File: plot_unmix_optim_torch.py

package info (click to toggle)
python-pot 0.9.5%2Bdfsg-1
links: PTS, VCS
area: main
in suites: forky, sid, trixie
size: 3,884 kB
sloc: python: 56,498; cpp: 2,310; makefile: 265; sh: 19
file content (167 lines) | stat: -rw-r--r-- 4,187 bytes
# -*- coding: utf-8 -*-
r"""
=================================
Wasserstein unmixing with PyTorch
=================================

In this example we estimate mixing parameters from distributions that minimize
the Wasserstein distance.
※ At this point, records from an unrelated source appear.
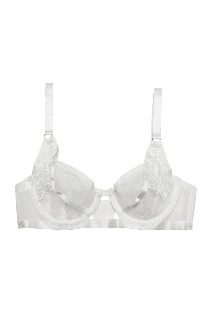 Elevate the everyday. The Milana Ivory bra features a non-padded mesh cup finished with a delicate lace overlay. Pair with the matching suspender thong to complete the look.
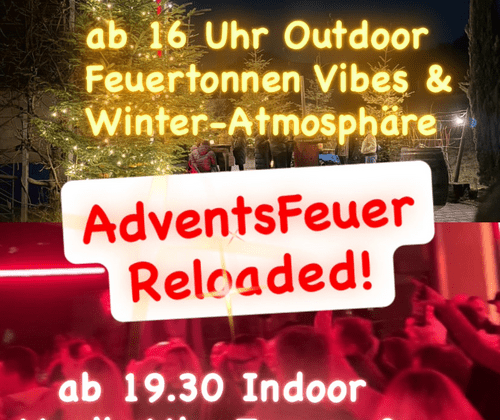 23.12. – AdventsFeuer Reloaded! Dieses Jahr bei Weingut Knauß – mehr Platz, mehr Vibes, mehr Stimmung! ab 16 Uhr draußen: Feuer-Tonnen-Vibes & Winter-Atmosphäre ab 19.30 Uhr drinnen: Music Mix, Tanzen & Aussicht deluxe Tanzt mit uns in die Feiertage. AdventsFeuer – Reloaded! Am 23. Dezember feiern wir wieder – nur diesmal bei Weingut Knauß – mehr Platz, mehr Vibes, mehr Stimmung! Unser traditionelles Adventsfeuer zieht nämlich um und findet dieses Jahr gemeinsam mit dem Weingut Knauß direkt bei Knauß am Weingut statt. Draußen gibt’s wie immer ab 16 Uhr: Feuer-Tonnen-Vibes & Winter-Atmosphäre, Glühwein & Wein, Rote Wurst vom Grill Drinnen ab 19.30 Uhr: Music Mix, Tanzen & Aussicht deluxe. Perfekt, um zusammen in die Feiertage reinzutanzen. Kommt vorbei, wir machen’s gemütlich – und danach richtig nice. Tanzt mit uns in die Feiertage.
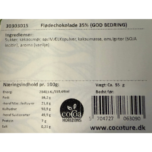 CocotureFlødechokolademed 35% kakao af fineste kvalitet. Indpakning med skriften "GOD BEDRING". Perfekt lækker kvalitetschokolade der passer perfekt i gave...
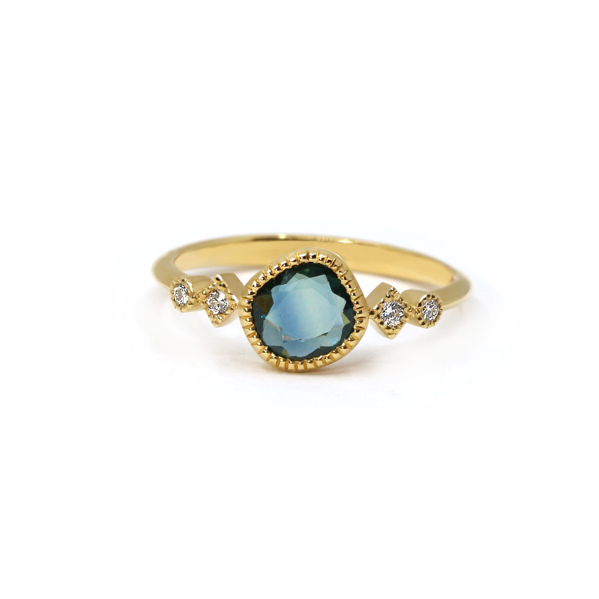 Cette bague en or jaune marie subtilement caractère brut et élégance raffinée. En son centre, un saphir de couleur teal, de taille irrégulière et plate, capte la lumière avec une profondeur envoûtante, oscillant entre bleu profond et vert intense. Sa forme organique lui confère une allure unique, presque minérale. Quatre diamants délicatement sertis autour de la pierre ajoutent des touches de lumière pure, contrastant avec les reflets changeants du saphir. L’or jaune, chaleureux et solaire, encadre l’ensemble avec finesse, mettant en valeur l’équilibre entre la spontanéité naturelle de la gemme et la précision des détails joailliers. Un bijou singulier.
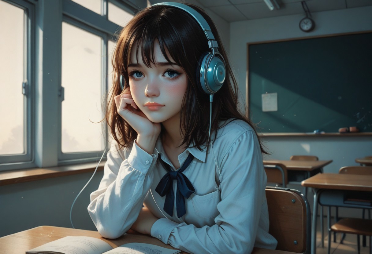 1anime girl ,sitting, alone, classroom, at night, wearing headphones, soft lighting, shy face, vintage school setting, simple background, Makoto Shinkai style
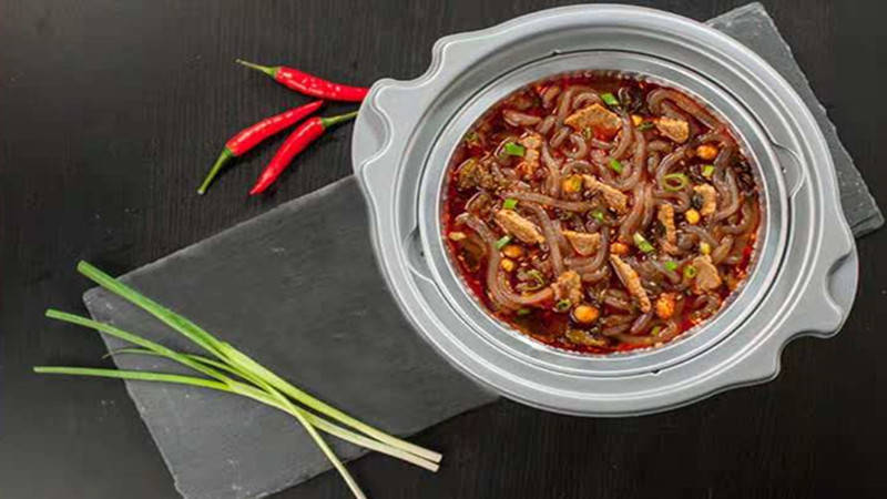 食材放入铝箔餐盒并加入适量饮用水;倒入底料和主食并加饮用水至刻度线;撕开发热包外包装,放入底层盒子;加冷水至注水线,上层餐盒放入盒中并盖上盒盖;15分钟后即可享用。
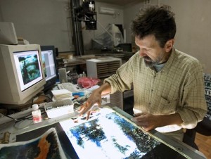 Далее изображения сканируются в процессе съемки. Происходит действие под названием сборка – накладка персонажей на фон. Позже полученное изображение раскрашивается, или по-другому это называется заливка. Кадры объединяются в видео.
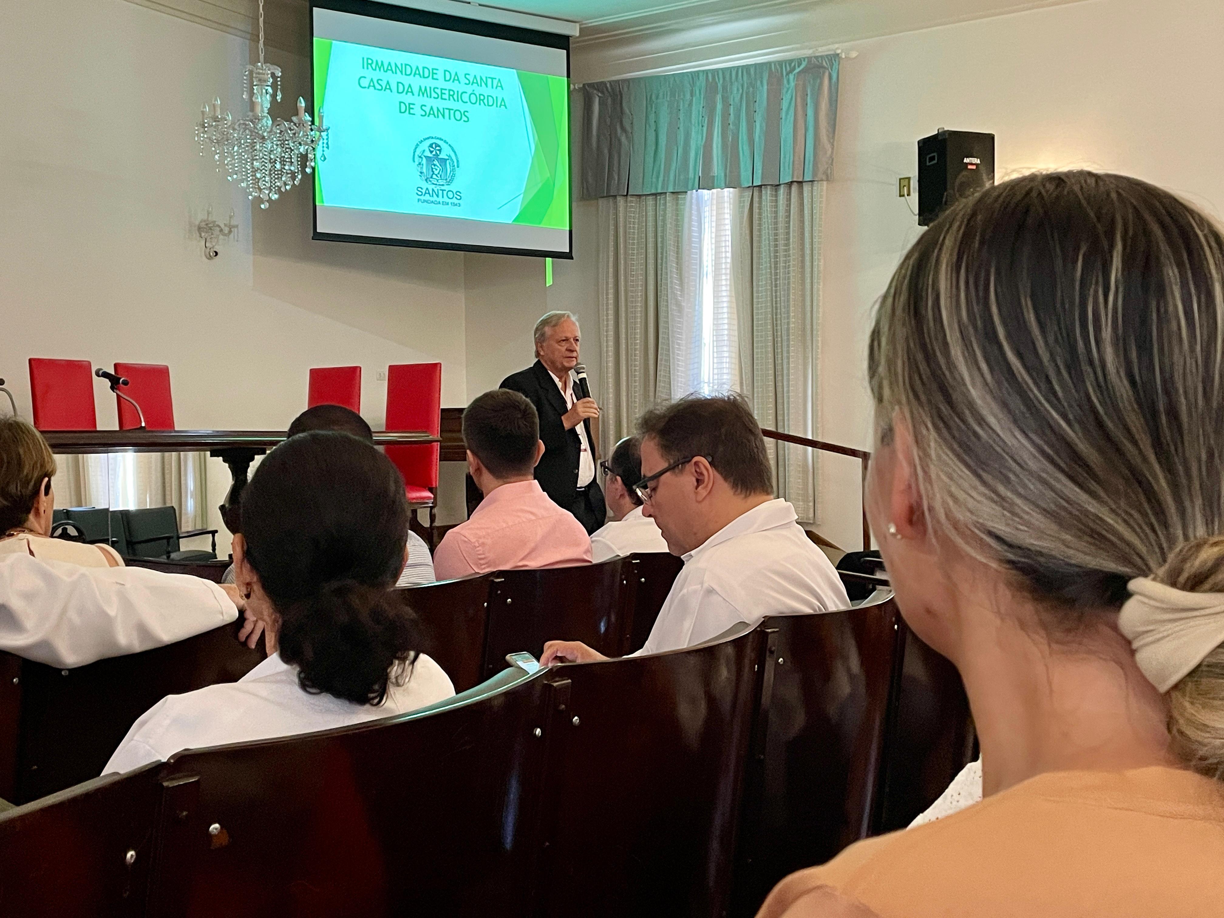 Dando sequência às palestras, o médico infectologista da Santa Casa, Dr. Sérgio Feijoó, explicou o papel do Serviço de Controle de Infecção Hospitalar e a importância da higienização das mãos em todos os momentos. Dr. Sérgio destacou que, apesar de parecer que está falando o óbvio, infelizmente constata-se que somente 30% estão fazendo o "óbvio". Assim, ele explicou inúmeras situações que a atenção redobrada nesta questão deve ser obrigatória.
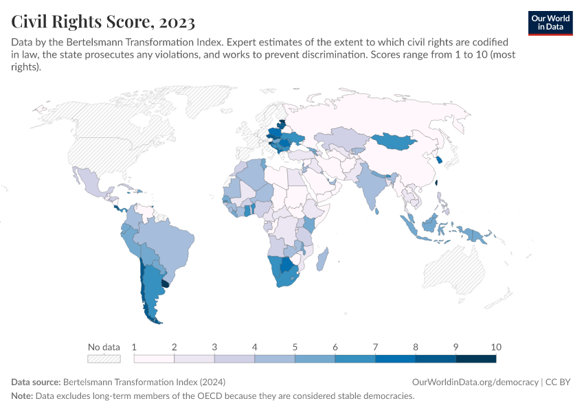 “Data Page: Civil rights score”, part of the following publication: Bastian Herre, Lucas Rodés-Guirao, and Esteban Ortiz-Ospina (2013) - “Democracy”. Data adapted from Bertelsmann Transformation Index. Retrieved from https://pop-growth-BCE.owid.pages.dev:8789/20260105-133053/grapher/civil-rights-score-bti.html [online resource] (archived on January 5, 2026).How to cite this data
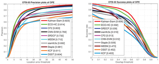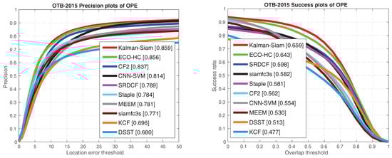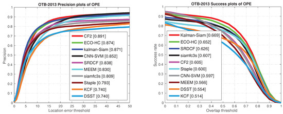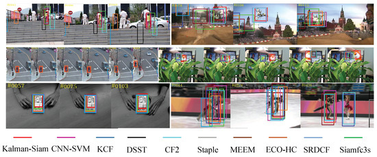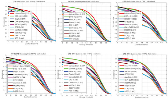 The Kalman–Siam tracker is compared with recent state-of-the-art trackers, including SiamFC3s [16], end-to-end representation learning for correlation filter based tracking(CF2) [33], efficient convolution operators for tracking(ECO-hc) [5], complementary learners for real-time tracking(Staple) [45], online tracking by learning discriminative saliency map with convolutional neural network(CNN-SVM) [30], robust tracking via multiple experts using entropy minimization (MEEM) [46], convolutional features for correlation filter based visual tracking (SRDCF) [6], high-speed tracking with kernelized correlation filters(KCF) [47], and accurate scale estimation for robust visual tracking(DSST) [48] on OTB 2015, OTB50, and OTB2013 benchmarks. The precision plots and success plots of one path evaluation (OPE) are shown in Figure 2, Figure 3 and Figure 4. The comparison shows that Kalman–Siam achieves the best performance among these real-time trackers on all three OTB benchmarks. The Kalman–Siam tracker achieves an AUC score of 65.9%, 60.6%, and 66.9% on OTB2015, OTB50, and OTB2013, respectively, at real-time speed (40 fps). Compared to the SiamFC trackers [16], our tracker obtains significant AUC gains of 7.9%, 9.0%, and 6.2% on OTB2015, OTB50, and OTB2013, respectively. The results prove that the method of Kalman filtering and a multifeature fusion siamese network can be stable and accurate. Figure 5 shows some qualitative results of our tracker compared with 9 real-time trackers. We compared under the curve (AUC) scores and speeds in the OTB benchmark with the state-of-the-art trackers, shown in Table 1. Kalman–Siam also has the speed of a real-time operation while maintaining the highest accuracy. In order to prove that our method has good performance in dealing with three difficult scenes of target occlusion, fast motion and deformation. we show here the OTB-2015 and OTB-50 success plot in the three scenarios of occlusion, fast motion, and target deformation. It can be seen from Figure 6 that our method, Kalman–Siam, has always maintained good performance in these difficult scenarios.
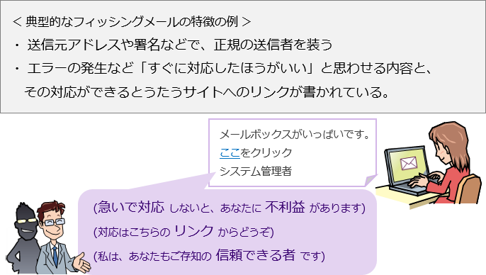 大学で利用しているウェブメールサービスのシステム管理者を装い、送信エラーやメールボックスがいっぱいであるなどと記載されたメールが、大学の学生や教職員あてに送られてきます。
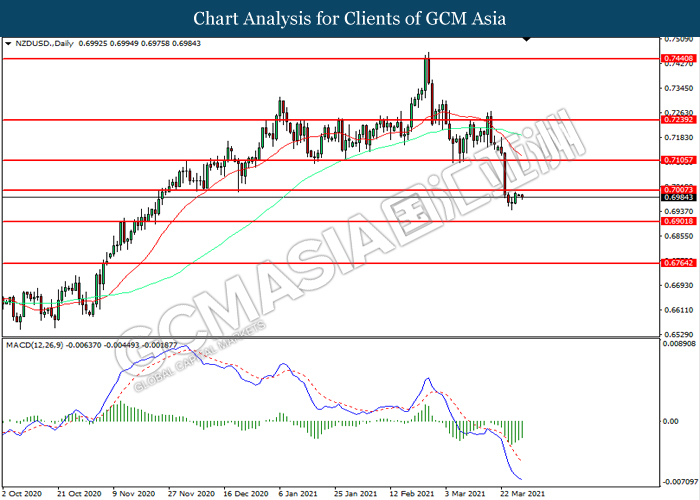 NZDUSD, Daily: NZDUSD was traded within a range while currently testing the resistance level at 0.7005. MACD which illustrated diminishing bearish momentum suggest the pair to be traded higher after it successfully breakout above the resistance level.
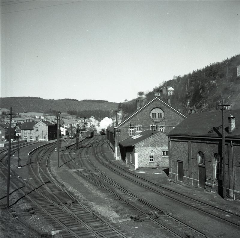 Deze foto toont de sporenbundel van het station Trois-Ponts. Rechts bevindt zich de locomotievenloods en op de achtergrond zien we het stationsgebouw. Kenmerkend voor de jaren 1950 zijn de mechanische seinen en de verlichtingspalen.
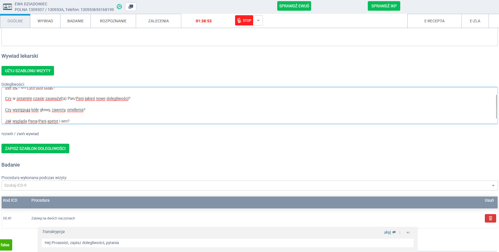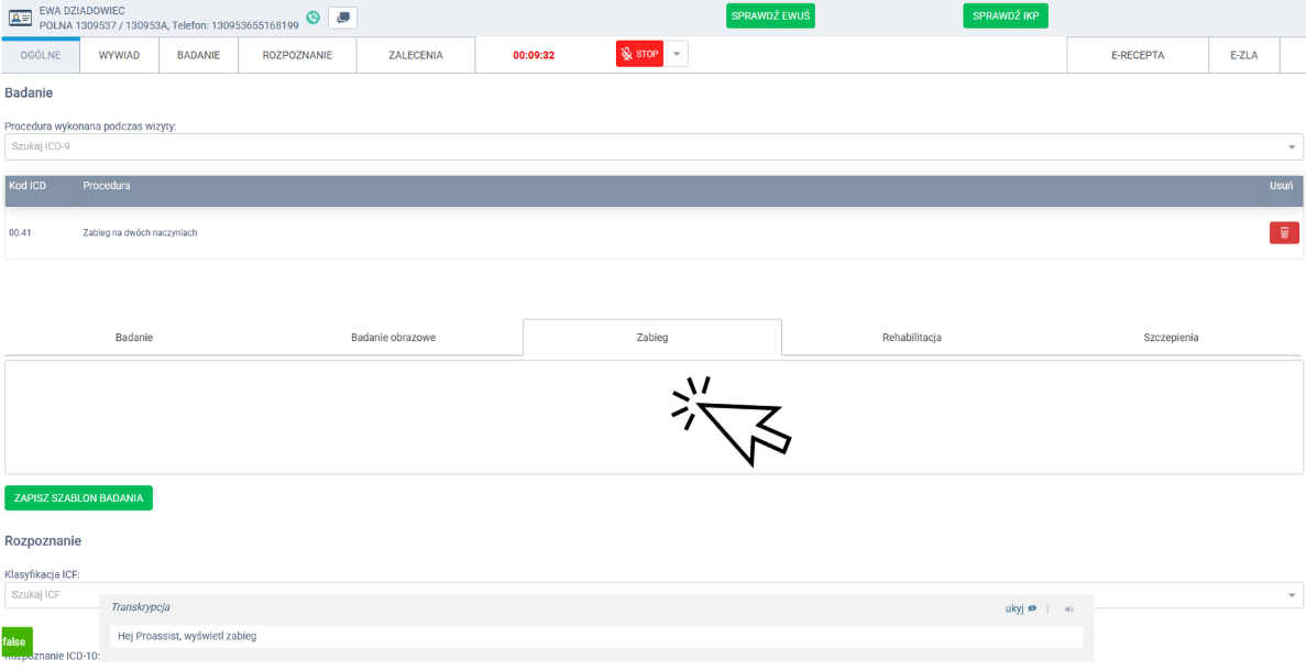 - przejście do sekcji zabieg: “Hej Proassist, wyświetl zabieg”
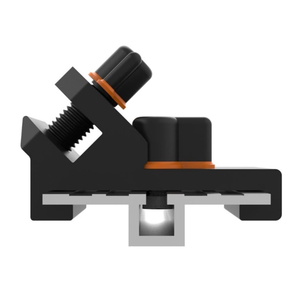 Produsul se ancorează direct în profilul de aluminiu al mesei printr-un șurub manual și oferă un control mai bun asupra pieselor sensibile la vibrații, deplasare sau fisurare. Pentru benzi mai lungi, se recomandă utilizarea mai multor puncte de sprijin distribuite uniform pe lungime.
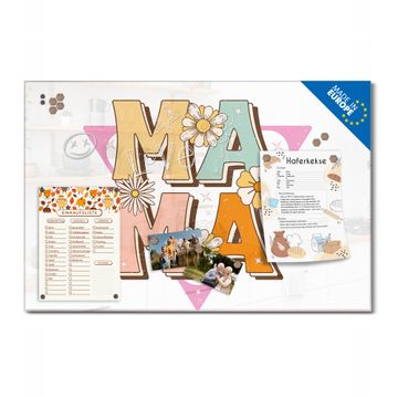 Material: 4mm Sicherheitsglas mit Metallrückwand Eigenschaften: beschreibbar, magnetisch, kratzfest Maße: 75x50x0,6cm, 5,63kg schwer Motiv Nummer 13361 Mama Liebe Retro Zubehör: inklusive 4 Neodym-Magnete

In other words we suppose that a target
distribution :math:`\mu^t` can be expressed as a weighted sum of source
distributions :math:`\mu^s_k` with the following model:

.. math::
    \mu^t = \sum_{k=1}^K w_k\mu^s_k

where :math:`\mathbf{w}` is a vector of size :math:`K` and belongs in the
distribution simplex :math:`\Delta_K`.

In order to estimate this weight vector we propose to optimize the Wasserstein
distance between the model and the observed :math:`\mu^t` with respect to
the vector. This leads to the following optimization problem:

.. math::
    \min_{\mathbf{w}\in\Delta_K} \quad W \left(\mu^t,\sum_{k=1}^K w_k\mu^s_k\right)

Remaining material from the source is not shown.